**TASK MATERIAL:**
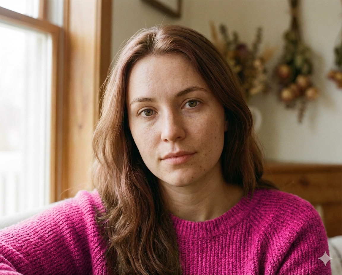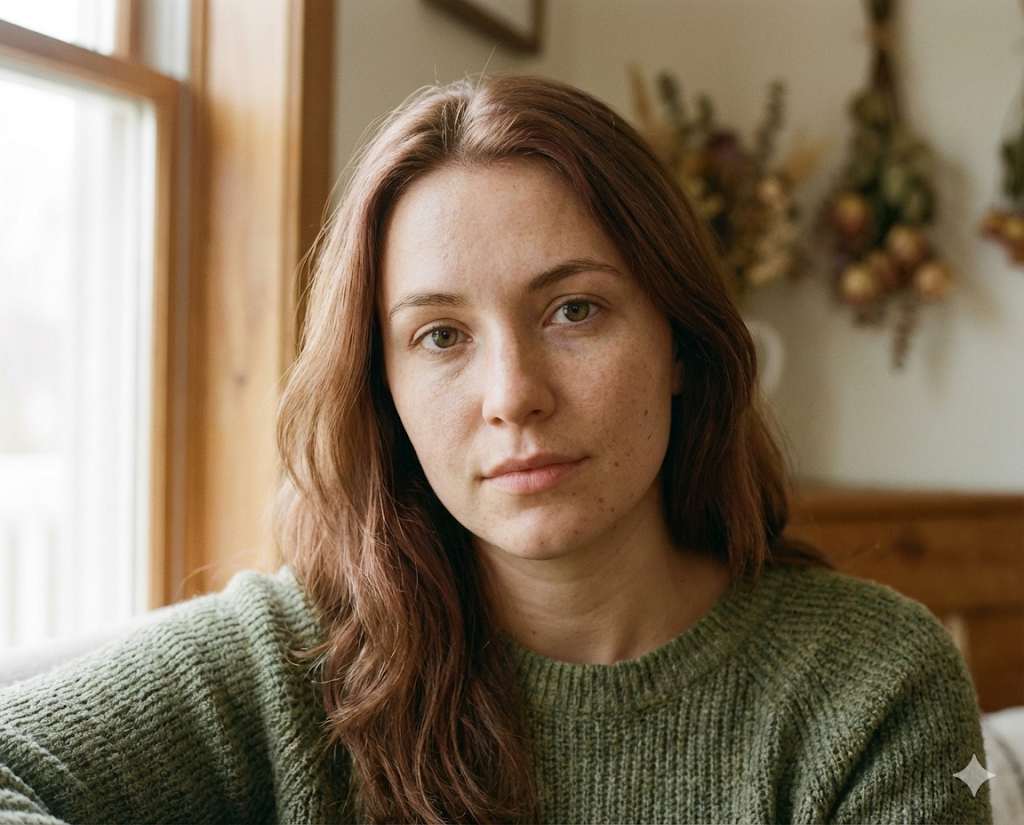 You possess the exquisite, earthy elegance of a Soft Autumn. Your coloration is a masterclass in low-contrast harmony, reminiscent of a forest floor in late October or an impressionist painting. Unlike seasons that demand high drama or stark contrasts, your beauty relies on a muted, golden richness. The 'Soft' designation means your primary characteristic is a lack of harshness—your hair, skin, and eyes blend seamlessly into one another. The 'Autumn' influence brings a warm, golden undertone that glows rather than shines. Your current moss-green sweater is intuitively perfect; it mirrors the organic, muted warmth of your natural palette. You are not built for neons or stark blacks; you are the muse of spices, woods, and twilight mists.
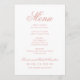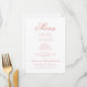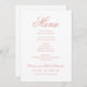 O cartão de cardápio de ouro de rosa formal, design, apresenta uma bela tipografia que combina um roteiro de caligrafia tradicional com carateres clássicos de blocos em um fundo branco limpo. Inclui um sotaque de design de rolagem decorativo. O texto personalizado pode ser personalizado com um monograma dos nomes da noiva e noiva e da data do casamento, bem como os detalhes do menu janto para o dia do casamento. Por favor, compre nossa Coleção de Casamentos Dourados Elegante Clássico para coordenar designs.
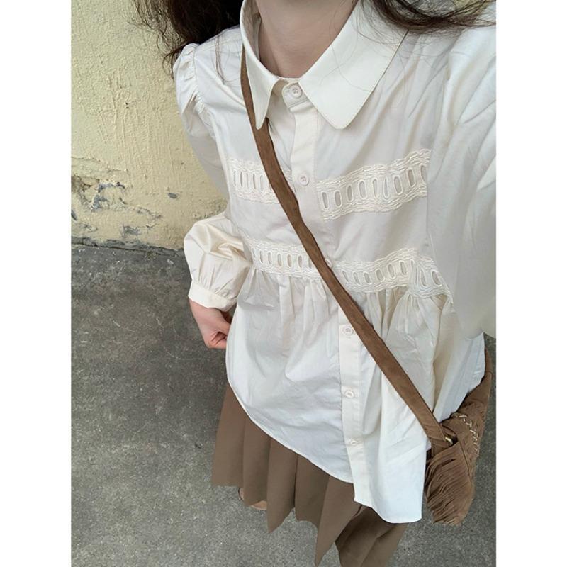 Áo Sơ Mi Có Cổ Tay Phồng Dáng Rộng Phong Cách Hàn Quốc Hàng Mới Mùa Thu Cho Nữ
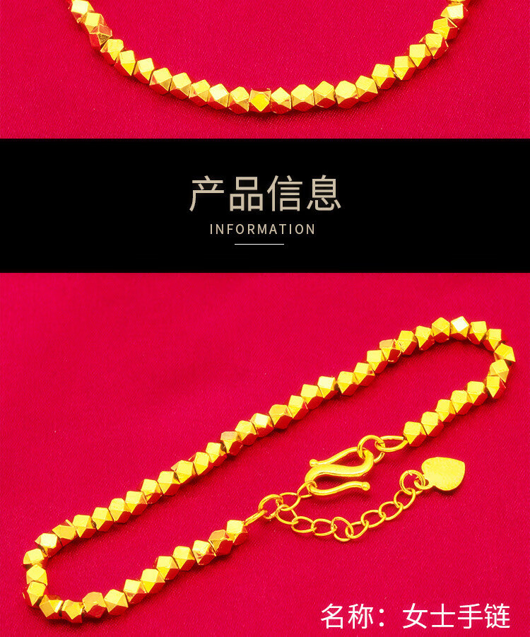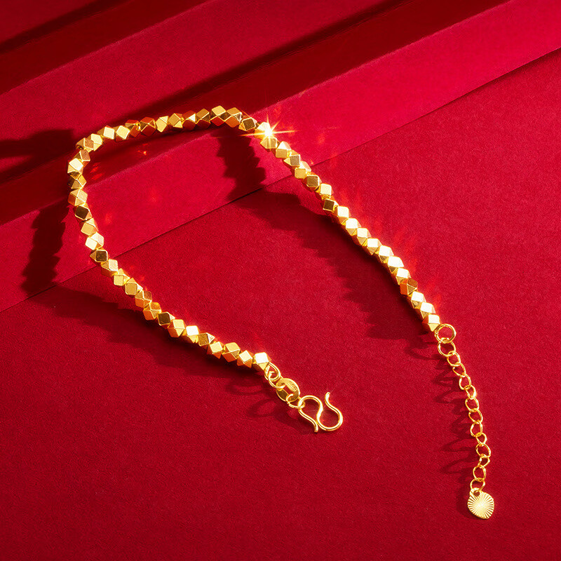 Fat Donglai's same style broken silver bracelet, gold-plated silver, new gold-plated women's bouncy transfer bead bracelet, broken gold bracelet adjustable 16cm
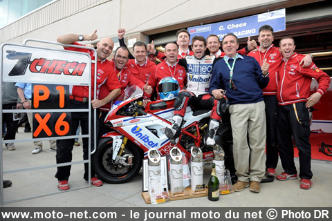 Auteur de la pole, du meilleur tour en course - son record de 2010 reste néanmoins valide - et vainqueur par KO des deux rounds américains, Carlos Checa a parfaitement négocié cette cinquième épreuve pour accroître sensiblement son avance : 61 points sur Melandri et 62 sur Biaggi !
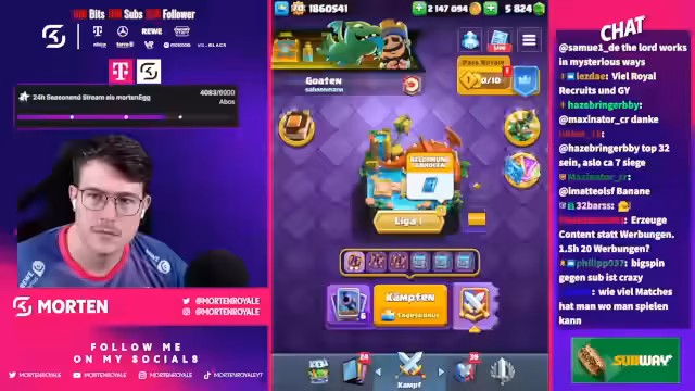 02:08:08Der Streamer bedankt sich bei Supercell für die Verlinkung und spekuliert über eine mögliche Rolle als Caster bei den World Finals, unabhängig von der eigenen Qualifikation. Er betont die Bedeutung des bevorstehenden Spiels und die Notwendigkeit, alles zu geben. Es wird über das gegnerische Deck spekuliert und die potenziellen Gefahren durch bestimmte Karten wie Mutter ex hervorgehoben. Trotz einiger Schwierigkeiten und Herausforderungen wird der Kampfgeist nicht aufgegeben. Der Streamer analysiert das Spielgeschehen und kommentiert die Aktionen des Gegners. Es wird die Bedeutung eines Sieges betont, um die Chance auf die World Finals zu wahren. Abschließend wird die Unterstützung der Zuschauer hervorgehoben und die Vorfreude auf zukünftige Casts zum Ausdruck gebracht.
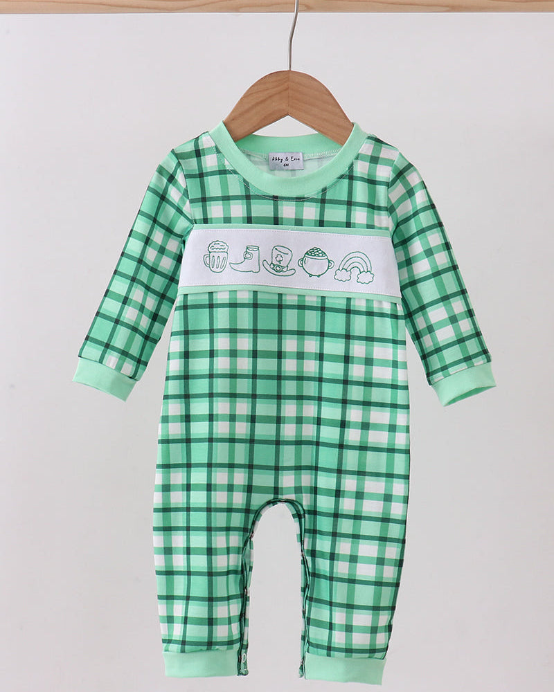 Shamrock Stroll Embroidered Gingham Baby Romper

**ASSIGNMENT:** From the first line to the last, set down the records above exactly and skip the pictures.

**COMPLETED TASK:**
 You possess the exquisite, earthy elegance of a Soft Autumn. Your coloration is a masterclass in low-contrast harmony, reminiscent of a forest floor in late October or an impressionist painting. Unlike seasons that demand high drama or stark contrasts, your beauty relies on a muted, golden richness. The 'Soft' designation means your primary characteristic is a lack of harshness—your hair, skin, and eyes blend seamlessly into one another. The 'Autumn' influence brings a warm, golden undertone that glows rather than shines. Your current moss-green sweater is intuitively perfect; it mirrors the organic, muted warmth of your natural palette. You are not built for neons or stark blacks; you are the muse of spices, woods, and twilight mists.
 O cartão de cardápio de ouro de rosa formal, design, apresenta uma bela tipografia que combina um roteiro de caligrafia tradicional com carateres clássicos de blocos em um fundo branco limpo. Inclui um sotaque de design de rolagem decorativo. O texto personalizado pode ser personalizado com um monograma dos nomes da noiva e noiva e da data do casamento, bem como os detalhes do menu janto para o dia do casamento. Por favor, compre nossa Coleção de Casamentos Dourados Elegante Clássico para coordenar designs.
 Áo Sơ Mi Có Cổ Tay Phồng Dáng Rộng Phong Cách Hàn Quốc Hàng Mới Mùa Thu Cho Nữ
 Fat Donglai's same style broken silver bracelet, gold-plated silver, new gold-plated women's bouncy transfer bead bracelet, broken gold bracelet adjustable 16cm
 Auteur de la pole, du meilleur tour en course - son record de 2010 reste néanmoins valide - et vainqueur par KO des deux rounds américains, Carlos Checa a parfaitement négocié cette cinquième épreuve pour accroître sensiblement son avance : 61 points sur Melandri et 62 sur Biaggi !
 02:08:08Der Streamer bedankt sich bei Supercell für die Verlinkung und spekuliert über eine mögliche Rolle als Caster bei den World Finals, unabhängig von der eigenen Qualifikation. Er betont die Bedeutung des bevorstehenden Spiels und die Notwendigkeit, alles zu geben. Es wird über das gegnerische Deck spekuliert und die potenziellen Gefahren durch bestimmte Karten wie Mutter ex hervorgehoben. Trotz einiger Schwierigkeiten und Herausforderungen wird der Kampfgeist nicht aufgegeben. Der Streamer analysiert das Spielgeschehen und kommentiert die Aktionen des Gegners. Es wird die Bedeutung eines Sieges betont, um die Chance auf die World Finals zu wahren. Abschließend wird die Unterstützung der Zuschauer hervorgehoben und die Vorfreude auf zukünftige Casts zum Ausdruck gebracht.
 Shamrock Stroll Embroidered Gingham Baby Romper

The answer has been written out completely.